In the past recoveries were routine, because recessions were temporary restraints resulting from the Federal Reserve putting the brakes on an overheating economy. By restraining the supply of money and credit, the Fed caused inventory buildup, layoffs, and a halt to price rises and union wage demands. With the economy cooled by unemployment, the Fed would take off the brakes. Interest rates would decline, money would flow, consumer demand would rise and workers would be called back to the factories.

In those days when workers borrowed to spend, they were borrowing against rising real wages from rising productivity. In economic downturns, few workers actually lost their jobs. They were laid off from their jobs for temporary periods. Workers seldom lost their homes or cars, thanks to union funds and unemployment benefits.

Today the situation is different. In the 21st century real wages have not risen. Workers have spent more by accepting deteriorating household balance sheets. They have maxed out their credit cards and spent the equity in their homes. Imitators of the US government, American consumers borrow to pay their bills.

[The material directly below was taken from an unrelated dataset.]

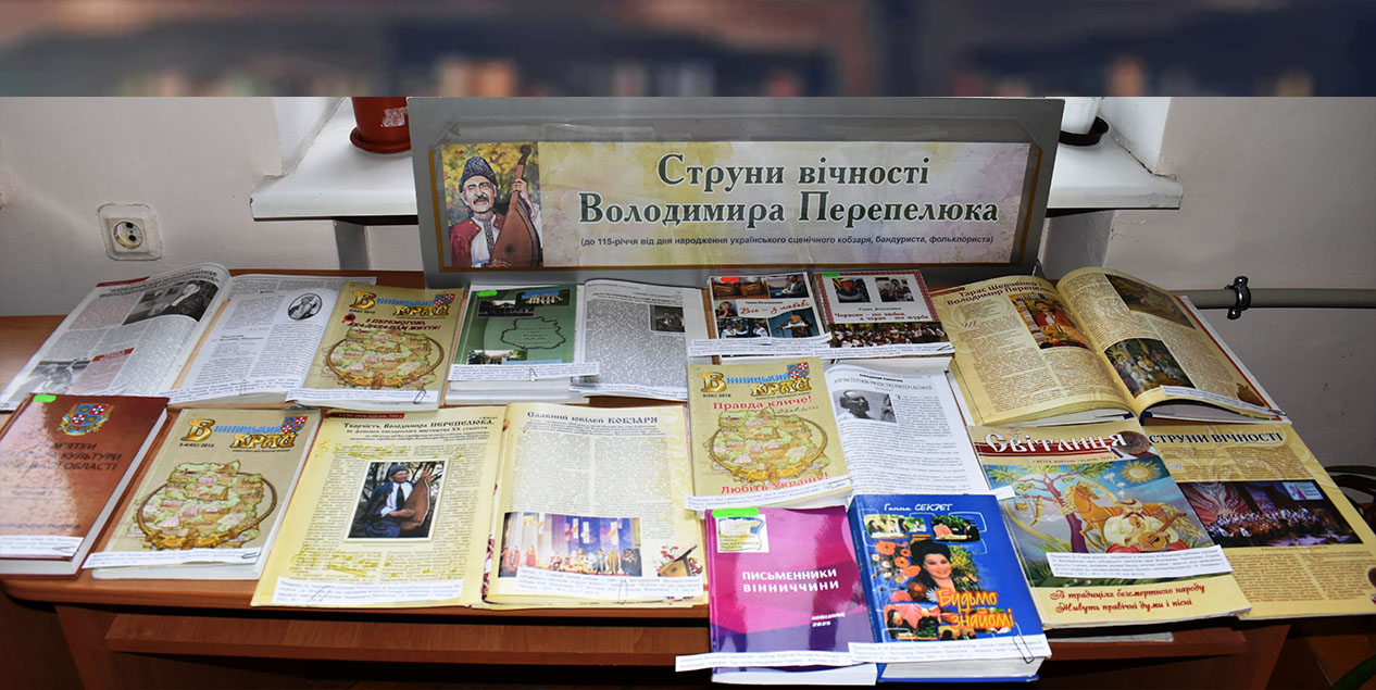 Книжкова виставка-ювілей «Струни вічності Володимира Перепелюка» (до 115-річчя від дня народження українського сценічного кобзаря, бандуриста, фольклориста)

The expansion of household debt relative to income created the illusion that the economy was sound. But the consumer economy was as much of a credit-based bubble as the real estate bubble and the financial sector bubble. The economy has lost its real basis.

...

In the second half of the 20th century, American economic supremacy was a gift of World War II, which destroyed the productive capacity of the rest of the developed world. American economic supremacy also owes much to communism in Russia and China and to socialism in India, which rendered these large countries economically impotent. The United States did not have to compete for its economic hegemony. It simply inherited it from the choices made by the rest of the world.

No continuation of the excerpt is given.